Improving Your Energy Levels

Sometimes it seems that even the simplest everyday tasks are hard to accomplish, even after we get a decent night’s sleep. Our busy lives leave little time to stop and recharge our batteries, so sometimes it can feel as though we’re operating on a chronic energy deficit. However, there are ways of gaining that energy back. It all starts with recognizing the little places where it is likely to leak away. Here we provide some tips on how to improve energy levels.

Do not skip meals – Studies published in the journal Nutritional Health found that those who skipped any meal during the day had greater feelings of fatigue overall than those who ate regular meals. Breakfast is particularly important, as it jump-starts your system to prepare you for the day. Just avoid eating sugary breakfast foods, as it will only lead to an energy crash mid-morning. Eggs, oatmeal and smoothies are all good choices to provide you with energy that will last throughout the morning.

Drink more water – A lack of sufficient water can leave you feeling sluggish, even if you are only slightly dehydrated. A study published in the Journal of Nutrition found that women who were only 1% dehydrated reported feeling fatigued and depressed, in comparison with the participants who were optimally hydrated. You don’t need to drink 8 glasses a day, but if you find yourself feeling tired, drink a glass of water and it may boost your energy.

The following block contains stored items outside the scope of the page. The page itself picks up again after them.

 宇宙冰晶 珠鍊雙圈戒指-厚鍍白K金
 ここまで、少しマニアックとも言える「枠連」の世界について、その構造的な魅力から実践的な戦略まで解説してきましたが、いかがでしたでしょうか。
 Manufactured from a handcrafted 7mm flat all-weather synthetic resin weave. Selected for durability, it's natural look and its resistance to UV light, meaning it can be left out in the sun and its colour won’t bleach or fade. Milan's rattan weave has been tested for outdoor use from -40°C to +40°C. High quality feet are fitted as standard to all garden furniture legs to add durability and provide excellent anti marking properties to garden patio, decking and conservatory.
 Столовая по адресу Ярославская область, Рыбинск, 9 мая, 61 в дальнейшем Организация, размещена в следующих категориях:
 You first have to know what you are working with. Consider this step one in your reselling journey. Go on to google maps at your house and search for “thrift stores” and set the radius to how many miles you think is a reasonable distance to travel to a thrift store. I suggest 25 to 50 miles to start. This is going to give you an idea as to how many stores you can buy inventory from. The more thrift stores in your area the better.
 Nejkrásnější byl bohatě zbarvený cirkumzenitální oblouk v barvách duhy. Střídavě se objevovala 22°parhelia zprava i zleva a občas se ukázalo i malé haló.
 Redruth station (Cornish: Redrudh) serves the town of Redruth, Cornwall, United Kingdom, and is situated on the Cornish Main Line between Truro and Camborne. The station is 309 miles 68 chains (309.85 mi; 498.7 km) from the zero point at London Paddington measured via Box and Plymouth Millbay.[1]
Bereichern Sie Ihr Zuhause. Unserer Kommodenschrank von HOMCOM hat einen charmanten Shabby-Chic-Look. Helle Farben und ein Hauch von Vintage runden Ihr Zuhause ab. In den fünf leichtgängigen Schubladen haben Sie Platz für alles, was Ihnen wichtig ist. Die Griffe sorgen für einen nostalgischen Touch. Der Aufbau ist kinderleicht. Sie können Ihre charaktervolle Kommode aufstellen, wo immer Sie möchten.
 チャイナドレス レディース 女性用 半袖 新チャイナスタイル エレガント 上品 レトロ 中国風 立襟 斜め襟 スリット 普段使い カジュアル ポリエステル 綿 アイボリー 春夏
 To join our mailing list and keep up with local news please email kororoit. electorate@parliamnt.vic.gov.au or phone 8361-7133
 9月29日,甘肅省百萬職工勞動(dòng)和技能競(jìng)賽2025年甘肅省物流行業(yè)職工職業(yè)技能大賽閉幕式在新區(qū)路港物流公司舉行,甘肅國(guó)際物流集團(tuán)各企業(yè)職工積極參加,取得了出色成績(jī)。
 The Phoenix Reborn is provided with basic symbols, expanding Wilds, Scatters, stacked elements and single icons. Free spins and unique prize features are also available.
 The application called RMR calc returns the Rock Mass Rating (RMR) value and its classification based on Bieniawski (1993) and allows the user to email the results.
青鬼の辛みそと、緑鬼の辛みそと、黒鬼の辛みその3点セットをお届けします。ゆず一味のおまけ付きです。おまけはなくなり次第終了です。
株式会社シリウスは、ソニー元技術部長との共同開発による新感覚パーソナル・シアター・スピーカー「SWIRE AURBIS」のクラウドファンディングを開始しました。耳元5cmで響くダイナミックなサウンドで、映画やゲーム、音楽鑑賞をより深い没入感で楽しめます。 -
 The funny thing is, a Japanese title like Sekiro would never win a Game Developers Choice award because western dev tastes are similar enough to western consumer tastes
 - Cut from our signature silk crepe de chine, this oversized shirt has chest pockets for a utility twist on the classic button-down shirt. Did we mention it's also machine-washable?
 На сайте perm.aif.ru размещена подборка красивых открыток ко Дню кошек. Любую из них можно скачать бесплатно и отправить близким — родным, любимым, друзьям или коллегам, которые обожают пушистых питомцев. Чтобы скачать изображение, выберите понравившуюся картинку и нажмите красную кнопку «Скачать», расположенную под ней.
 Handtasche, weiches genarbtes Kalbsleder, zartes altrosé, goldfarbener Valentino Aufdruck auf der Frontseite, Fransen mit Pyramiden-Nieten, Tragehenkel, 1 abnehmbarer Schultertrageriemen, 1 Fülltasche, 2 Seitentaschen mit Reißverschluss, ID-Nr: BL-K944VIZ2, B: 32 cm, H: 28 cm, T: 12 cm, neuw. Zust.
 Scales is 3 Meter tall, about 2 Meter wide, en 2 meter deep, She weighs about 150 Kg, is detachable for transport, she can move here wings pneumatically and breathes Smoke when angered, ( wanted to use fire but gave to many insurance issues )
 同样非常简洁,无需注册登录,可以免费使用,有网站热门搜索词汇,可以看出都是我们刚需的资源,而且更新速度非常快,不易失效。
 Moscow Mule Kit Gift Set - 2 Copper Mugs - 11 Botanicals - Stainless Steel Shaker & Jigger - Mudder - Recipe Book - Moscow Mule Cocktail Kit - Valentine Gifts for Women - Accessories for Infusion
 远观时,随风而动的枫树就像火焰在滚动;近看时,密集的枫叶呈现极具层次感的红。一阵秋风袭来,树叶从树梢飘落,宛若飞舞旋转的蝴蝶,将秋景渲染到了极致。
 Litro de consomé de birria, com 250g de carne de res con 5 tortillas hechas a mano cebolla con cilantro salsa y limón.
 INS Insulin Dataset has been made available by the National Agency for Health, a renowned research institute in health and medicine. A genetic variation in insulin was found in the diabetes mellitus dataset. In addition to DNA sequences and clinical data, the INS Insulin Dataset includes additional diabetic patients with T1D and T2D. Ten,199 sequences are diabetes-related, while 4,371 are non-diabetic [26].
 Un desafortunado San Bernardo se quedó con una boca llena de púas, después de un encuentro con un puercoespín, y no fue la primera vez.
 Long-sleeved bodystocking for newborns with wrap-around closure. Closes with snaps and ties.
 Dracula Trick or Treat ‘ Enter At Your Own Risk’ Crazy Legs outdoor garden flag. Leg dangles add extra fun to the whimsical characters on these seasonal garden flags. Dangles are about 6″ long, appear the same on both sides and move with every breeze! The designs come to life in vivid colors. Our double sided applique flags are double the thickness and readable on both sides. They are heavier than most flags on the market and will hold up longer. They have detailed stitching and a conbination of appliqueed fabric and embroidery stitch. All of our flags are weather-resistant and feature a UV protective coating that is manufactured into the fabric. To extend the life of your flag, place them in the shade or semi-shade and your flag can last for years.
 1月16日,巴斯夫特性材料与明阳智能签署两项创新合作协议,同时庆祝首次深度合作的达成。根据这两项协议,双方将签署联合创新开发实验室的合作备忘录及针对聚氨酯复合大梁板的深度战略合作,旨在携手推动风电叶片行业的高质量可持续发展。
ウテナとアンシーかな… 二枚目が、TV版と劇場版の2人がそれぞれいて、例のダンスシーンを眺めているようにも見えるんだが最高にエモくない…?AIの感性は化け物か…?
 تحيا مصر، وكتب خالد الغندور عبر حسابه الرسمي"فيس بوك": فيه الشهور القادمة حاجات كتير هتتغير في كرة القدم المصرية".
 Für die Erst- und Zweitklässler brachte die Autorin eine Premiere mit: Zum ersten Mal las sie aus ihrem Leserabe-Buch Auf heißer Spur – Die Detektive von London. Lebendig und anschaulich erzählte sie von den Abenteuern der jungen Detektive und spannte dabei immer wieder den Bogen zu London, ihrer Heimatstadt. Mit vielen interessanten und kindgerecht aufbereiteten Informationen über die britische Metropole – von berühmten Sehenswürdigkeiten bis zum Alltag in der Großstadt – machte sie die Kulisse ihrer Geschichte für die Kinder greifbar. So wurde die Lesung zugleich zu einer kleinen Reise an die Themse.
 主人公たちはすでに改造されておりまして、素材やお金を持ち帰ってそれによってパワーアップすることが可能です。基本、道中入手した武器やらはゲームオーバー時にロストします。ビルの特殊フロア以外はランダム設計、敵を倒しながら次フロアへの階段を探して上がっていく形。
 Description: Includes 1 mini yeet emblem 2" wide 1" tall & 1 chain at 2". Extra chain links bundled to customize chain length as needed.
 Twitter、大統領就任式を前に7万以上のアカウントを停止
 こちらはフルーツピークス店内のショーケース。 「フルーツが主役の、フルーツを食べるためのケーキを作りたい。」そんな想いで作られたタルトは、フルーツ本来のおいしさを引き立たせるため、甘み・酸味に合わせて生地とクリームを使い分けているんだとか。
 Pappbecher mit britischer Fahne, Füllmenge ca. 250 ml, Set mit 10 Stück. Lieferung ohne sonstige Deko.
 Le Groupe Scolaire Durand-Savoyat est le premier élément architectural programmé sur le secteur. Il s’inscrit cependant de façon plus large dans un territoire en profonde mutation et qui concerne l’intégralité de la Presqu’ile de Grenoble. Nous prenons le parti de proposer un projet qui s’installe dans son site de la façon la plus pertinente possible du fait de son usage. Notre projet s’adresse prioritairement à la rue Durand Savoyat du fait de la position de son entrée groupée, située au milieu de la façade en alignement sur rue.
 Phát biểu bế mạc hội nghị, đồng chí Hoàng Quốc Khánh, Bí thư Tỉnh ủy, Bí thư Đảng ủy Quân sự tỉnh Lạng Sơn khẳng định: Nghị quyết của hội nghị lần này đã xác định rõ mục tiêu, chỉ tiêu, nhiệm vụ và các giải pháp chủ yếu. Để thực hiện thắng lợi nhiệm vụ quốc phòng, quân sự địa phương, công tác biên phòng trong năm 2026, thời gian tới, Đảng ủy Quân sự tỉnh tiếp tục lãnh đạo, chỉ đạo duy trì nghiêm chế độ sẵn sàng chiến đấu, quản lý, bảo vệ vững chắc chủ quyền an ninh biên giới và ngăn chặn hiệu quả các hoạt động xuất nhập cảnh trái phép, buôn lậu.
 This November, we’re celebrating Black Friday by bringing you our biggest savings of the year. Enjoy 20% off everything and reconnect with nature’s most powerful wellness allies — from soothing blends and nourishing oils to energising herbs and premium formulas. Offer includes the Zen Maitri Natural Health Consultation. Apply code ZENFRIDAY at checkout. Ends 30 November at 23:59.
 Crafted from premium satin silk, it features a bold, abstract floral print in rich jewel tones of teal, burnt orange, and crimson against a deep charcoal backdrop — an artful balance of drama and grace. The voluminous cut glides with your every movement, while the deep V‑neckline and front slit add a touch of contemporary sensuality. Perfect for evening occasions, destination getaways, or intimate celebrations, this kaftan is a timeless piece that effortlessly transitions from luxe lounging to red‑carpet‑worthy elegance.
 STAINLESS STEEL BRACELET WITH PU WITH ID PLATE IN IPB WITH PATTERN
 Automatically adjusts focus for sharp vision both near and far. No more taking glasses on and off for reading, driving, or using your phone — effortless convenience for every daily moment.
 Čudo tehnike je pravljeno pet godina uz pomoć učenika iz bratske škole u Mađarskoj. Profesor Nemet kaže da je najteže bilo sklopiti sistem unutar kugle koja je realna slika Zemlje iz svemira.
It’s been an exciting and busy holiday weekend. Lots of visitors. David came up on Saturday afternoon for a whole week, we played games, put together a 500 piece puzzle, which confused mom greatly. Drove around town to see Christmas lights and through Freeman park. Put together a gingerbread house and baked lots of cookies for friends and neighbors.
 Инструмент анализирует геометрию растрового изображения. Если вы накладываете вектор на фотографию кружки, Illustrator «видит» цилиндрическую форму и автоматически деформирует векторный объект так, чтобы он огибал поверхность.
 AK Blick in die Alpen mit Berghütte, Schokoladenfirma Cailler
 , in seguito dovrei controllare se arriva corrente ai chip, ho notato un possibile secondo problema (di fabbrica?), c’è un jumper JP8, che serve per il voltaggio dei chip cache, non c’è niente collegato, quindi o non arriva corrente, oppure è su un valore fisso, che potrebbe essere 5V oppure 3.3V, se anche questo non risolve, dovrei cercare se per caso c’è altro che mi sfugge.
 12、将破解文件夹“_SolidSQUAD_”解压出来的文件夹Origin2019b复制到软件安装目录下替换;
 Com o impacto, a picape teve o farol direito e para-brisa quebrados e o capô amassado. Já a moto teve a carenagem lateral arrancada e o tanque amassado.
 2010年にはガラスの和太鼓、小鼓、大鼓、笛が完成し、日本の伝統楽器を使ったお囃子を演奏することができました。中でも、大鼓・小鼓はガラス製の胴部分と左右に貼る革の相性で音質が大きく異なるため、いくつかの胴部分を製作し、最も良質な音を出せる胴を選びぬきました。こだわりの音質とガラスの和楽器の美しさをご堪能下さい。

Get more magnesium – This mineral is responsible for over 300 of the body’s biochemical functions, including creating energy from the breakdown of glucose. According to the USDA, almost 60% of the American population is deficient in magnesium. When levels are even just a little low, your energy can drop. Increase your intake of magnesium-rich foods such as nuts, seeds, whole grains and dark chocolate.

Get some exercise – Contrary to what you may think, exercise actually increases energy levels. Walking is particularly good for giving you more get-up-and-go. The results of a California State experiment found that subjects taking a brisk, 10-minute walk reported increased energy levels for the following two hours.

Reduce stress – Of course this is easier said than done, but there are stress reduction techniques you can learn to lower levels of energy-zapping stress in your life. Deep breathing and meditation are good ways to handle stress. Slow, deep breathing through the abdomen has been practiced by many cultures for centuries as a way of increasing energy. Even things as simple as listening to music or reading a book can help you to relax.